▶ Instructions for the task: Could you reproduce, word for word, everything below from the line containing "Set in 14k white" down to the line containing "Print on the inside", with both of those lines included and no others?

::: Data for processing :::

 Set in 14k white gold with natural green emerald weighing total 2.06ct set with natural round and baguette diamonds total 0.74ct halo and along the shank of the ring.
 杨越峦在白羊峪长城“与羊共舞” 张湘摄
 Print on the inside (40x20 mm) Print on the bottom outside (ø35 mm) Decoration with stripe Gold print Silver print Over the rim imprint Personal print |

:::
::: Data for processing :::

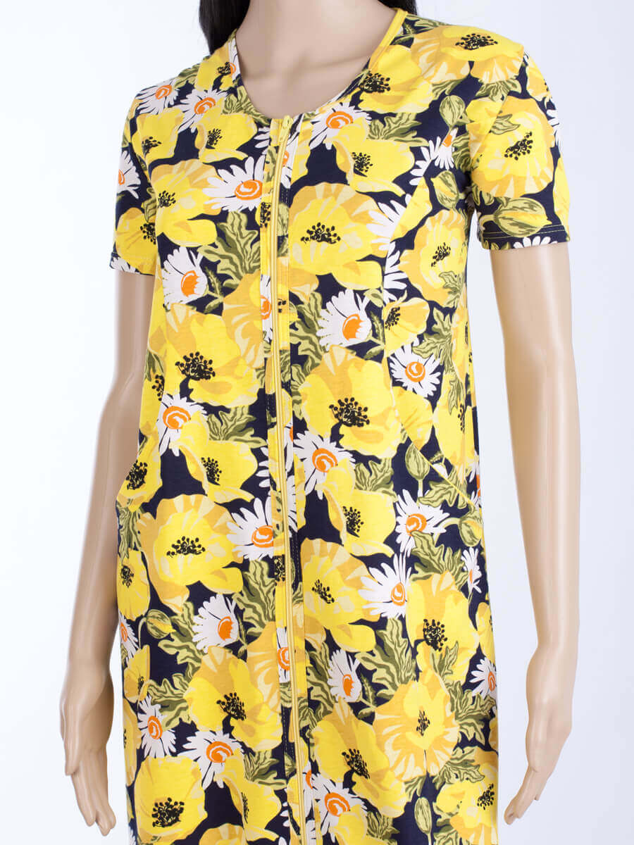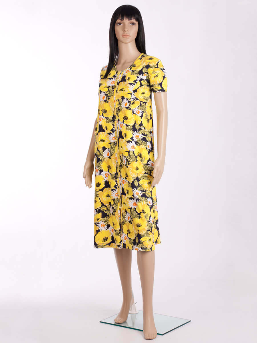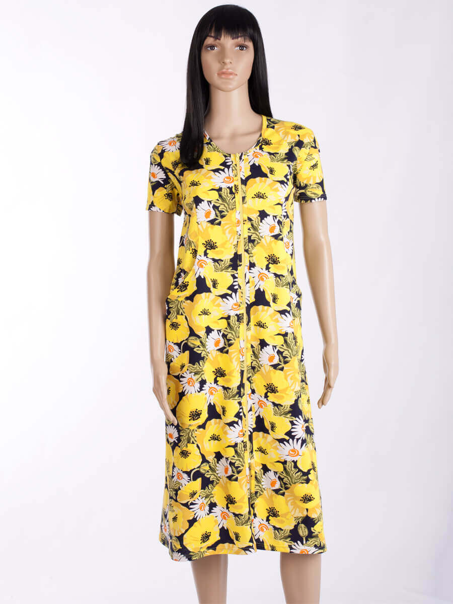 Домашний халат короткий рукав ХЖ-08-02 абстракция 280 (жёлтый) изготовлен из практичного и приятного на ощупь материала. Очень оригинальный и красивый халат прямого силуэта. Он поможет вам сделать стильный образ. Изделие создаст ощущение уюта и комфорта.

:::

▶ Answer to this exercise:
 Set in 14k white gold with natural green emerald weighing total 2.06ct set with natural round and baguette diamonds total 0.74ct halo and along the shank of the ring.
 杨越峦在白羊峪长城“与羊共舞” 张湘摄
 Print on the inside (40x20 mm) Print on the bottom outside (ø35 mm) Decoration with stripe Gold print Silver print Over the rim imprint Personal print |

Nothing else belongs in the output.